**AIM OF THE TASK**: Nothing but the lines from the one with "Travaux d'aménagement au" through the last line of the entries below should appear in the copy, please, and no pictures.

────────

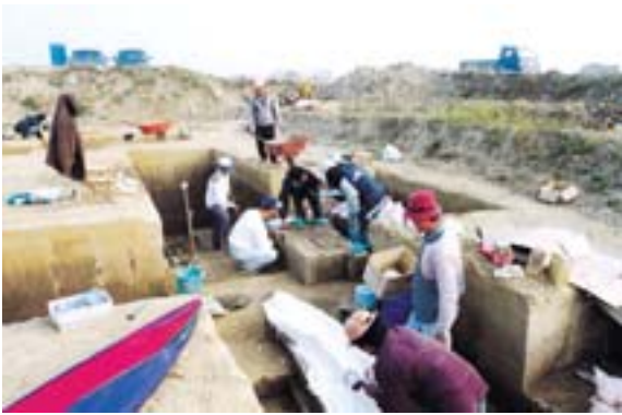
图 2-11 文化遺跡保存現場

文化遺跡を救う過程で、学術単位に実習体験を提供した他、2002年9月までに一部が完成し約30坪の考古文物陳列室に陳列展示して民衆に余暇と開拓知性の旅を提供した。
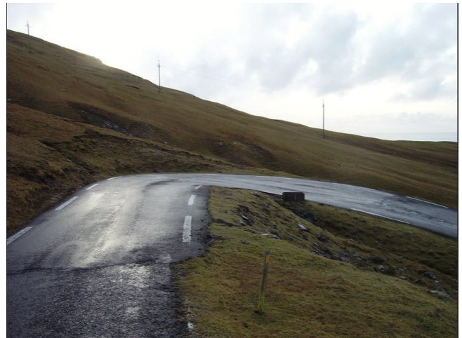
FRO-025 Beinisorð (Sumba Old Road) 5,7 km à 6,4 % avec 13 % de maximum
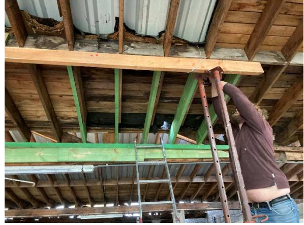
Travaux d'aménagement au SNUB – Pôle Nautique Solidaire
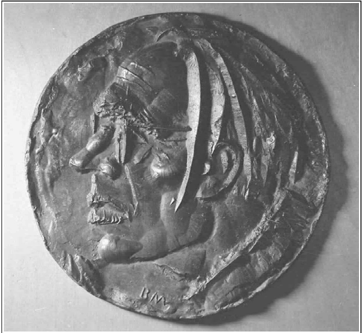
Borsos Miklós: Szabó Lőrinc, 1964, bronz, Ø 22 cm
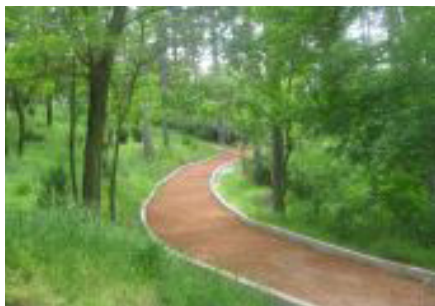
Слика 3 – Трим-патека во парк „Могила“ Figure 3 - Trim trail in the park Mogila
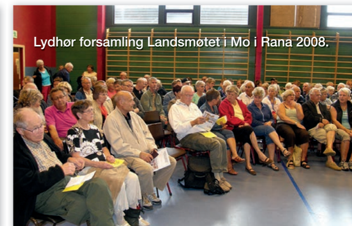
Lydhør forsamling Landsmøtet i Mo i Rana 2008.
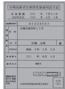
新しい限度証は黄緑色です

現在ご使用の水色の限度証の有効期限が7月31日をもって満了となるため、8月以降は使用できなくなります。有効期間は保険証と同じく1年間です。引き続き交付対象に該当する方は7月中に限度証を交付しますので、8月1日からは黄緑色の限度証をご使用ください。新たに必要となる方は、下記の交付要件に該当することをご確認の上、町民課住民グループへ申請してください。
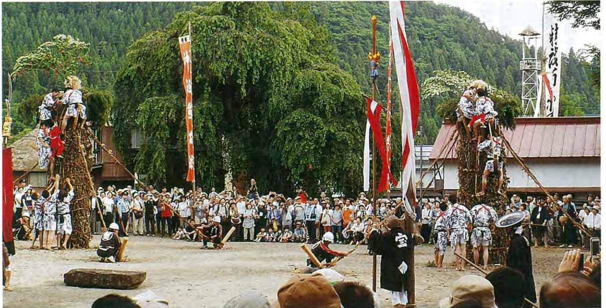
無形民俗文化財「小菅神社 柱松柴燈神車(小菅の松子)」
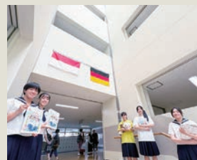
来場者を笑顔でお迎えます

そして、開催日当日も、学年・クラス・部活など、それぞれの場所で、最高の十文字祭を創るために、一人ひとりが力を出し合いました。思い出深い2日間となりました。
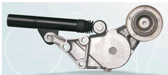
1. ábra: 533 0081 30 cikkszámú feszítőegység - az 1.9 TDI-motorokban alkalmazzák

*) SH -> Feszítőegység GFL -> Generátor-szabardonfutó
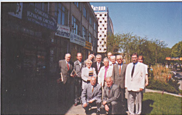
Uczestnicy spotkania przed Domem Technika
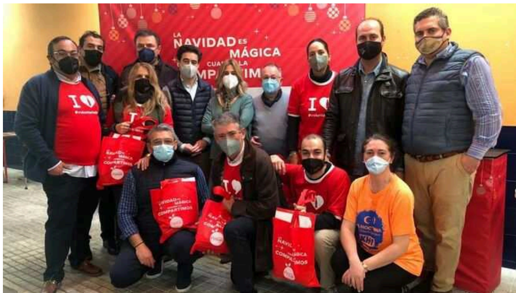
Voluntarios de 'La Navidad es mágica cuando la compartimos'.

Con la mirada puesta en hacer realidad la ilusión de que La Navidad es mágica cuando la compartimos , más de 50 entidades están difundiendo este espíritu navideño y compartiendo más de 15.000 comidas con personas en situación de vulnerabilidad los días 20, 21, 22, 23 y 24 de diciembre. Esta iniciativa se está desarrollando en diversos lugares de 21 ciudades españolas y cuenta con la colaboración de Coca-Cola. En concreto, en Sevilla, la entrega de 1000 comidas, que tendrá lugar los días 21, 22, 23 y 24 de diciembre, se ha realizado de la mano de las entidades Asociación de Hosteleros de Sevilla y provincia y la Asociación de Vecinos Tres Barrios, de la que forman parte La Candelaria, Los Pajaritos y Madre de Dios.
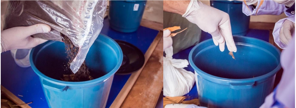
Figura 11 – Adição dos insumos na composteira

inclusive, que é necessário mexer em movimentos circulares as misturas borrifando um pouco de água que é para ajudar a compactação desse preparo, conforme a figura 11.
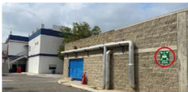
Patio de mantenimientos
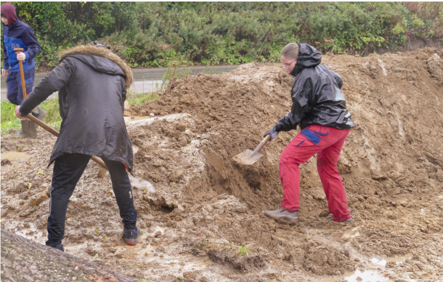
Abb. 5: Viele fleißige Hände sorgten für den erforderlichen „Feinschliff“ der Wildbienen-Nistfläche.
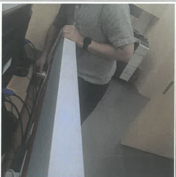
학술연구부 사무실 전기 콘센트 점검
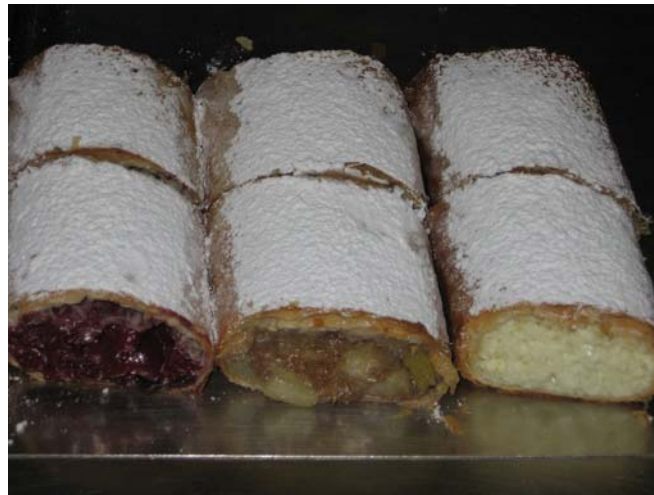
11. ábra. Tiroli rétesek

Készíthetünk cseresznyés, meggyes, almás, szilvás, túrós, diós és mákos tiroli rétest is.
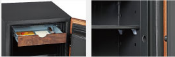
· 桃木紋滑動式抽屜
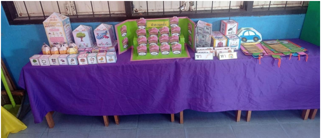
การทำกิจกรรมของนักเรียน
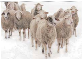
many sheep 許多隻羊

3 魚類的複數形有兩種：fish 和 fishes。指同類魚或泛指魚時，複數形只能用 fish；指多種不同類的魚時，通常也用 fish，但也可以用 fishes。
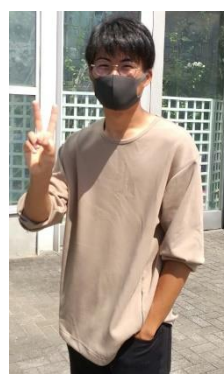
隣接の動物園にも足を伸ばし、学生同士の親睦を深めました
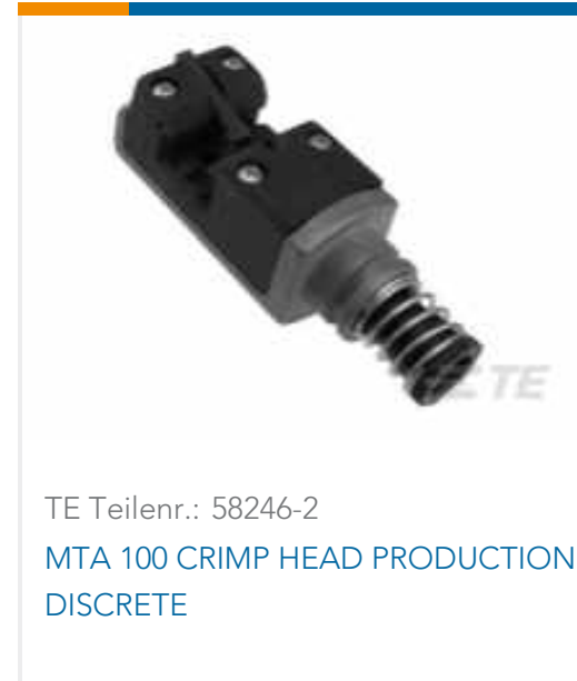
TE Teilnr.: 58246-2 MTA 100 CRIMP HEAD PRODUCTION DISCRETE

────────

**TASK RESULT**:
Travaux d'aménagement au SNUB – Pôle Nautique Solidaire
Borsos Miklós: Szabó Lőrinc, 1964, bronz, Ø 22 cm
Слика 3 – Трим-патека во парк „Могила“ Figure 3 - Trim trail in the park Mogila
Lydhør forsamling Landsmøtet i Mo i Rana 2008.
新しい限度証は黄緑色です

現在ご使用の水色の限度証の有効期限が7月31日をもって満了となるため、8月以降は使用できなくなります。有効期間は保険証と同じく1年間です。引き続き交付対象に該当する方は7月中に限度証を交付しますので、8月1日からは黄緑色の限度証をご使用ください。新たに必要となる方は、下記の交付要件に該当することをご確認の上、町民課住民グループへ申請してください。
無形民俗文化財「小菅神社 柱松柴燈神車(小菅の松子)」
来場者を笑顔でお迎えます

そして、開催日当日も、学年・クラス・部活など、それぞれの場所で、最高の十文字祭を創るために、一人ひとりが力を出し合いました。思い出深い2日間となりました。
1. ábra: 533 0081 30 cikkszámú feszítőegység - az 1.9 TDI-motorokban alkalmazzák

*) SH -> Feszítőegység GFL -> Generátor-szabardonfutó
Uczestnicy spotkania przed Domem Technika
Voluntarios de 'La Navidad es mágica cuando la compartimos'.

Con la mirada puesta en hacer realidad la ilusión de que La Navidad es mágica cuando la compartimos , más de 50 entidades están difundiendo este espíritu navideño y compartiendo más de 15.000 comidas con personas en situación de vulnerabilidad los días 20, 21, 22, 23 y 24 de diciembre. Esta iniciativa se está desarrollando en diversos lugares de 21 ciudades españolas y cuenta con la colaboración de Coca-Cola. En concreto, en Sevilla, la entrega de 1000 comidas, que tendrá lugar los días 21, 22, 23 y 24 de diciembre, se ha realizado de la mano de las entidades Asociación de Hosteleros de Sevilla y provincia y la Asociación de Vecinos Tres Barrios, de la que forman parte La Candelaria, Los Pajaritos y Madre de Dios.
Figura 11 – Adição dos insumos na composteira

inclusive, que é necessário mexer em movimentos circulares as misturas borrifando um pouco de água que é para ajudar a compactação desse preparo, conforme a figura 11.
Patio de mantenimientos
Abb. 5: Viele fleißige Hände sorgten für den erforderlichen „Feinschliff“ der Wildbienen-Nistfläche.
학술연구부 사무실 전기 콘센트 점검
11. ábra. Tiroli rétesek

Készíthetünk cseresznyés, meggyes, almás, szilvás, túrós, diós és mákos tiroli rétest is.
· 桃木紋滑動式抽屜
การทำกิจกรรมของนักเรียน
many sheep 許多隻羊

3 魚類的複數形有兩種：fish 和 fishes。指同類魚或泛指魚時，複數形只能用 fish；指多種不同類的魚時，通常也用 fish，但也可以用 fishes。
隣接の動物園にも足を伸ばし、学生同士の親睦を深めました
TE Teilnr.: 58246-2 MTA 100 CRIMP HEAD PRODUCTION DISCRETE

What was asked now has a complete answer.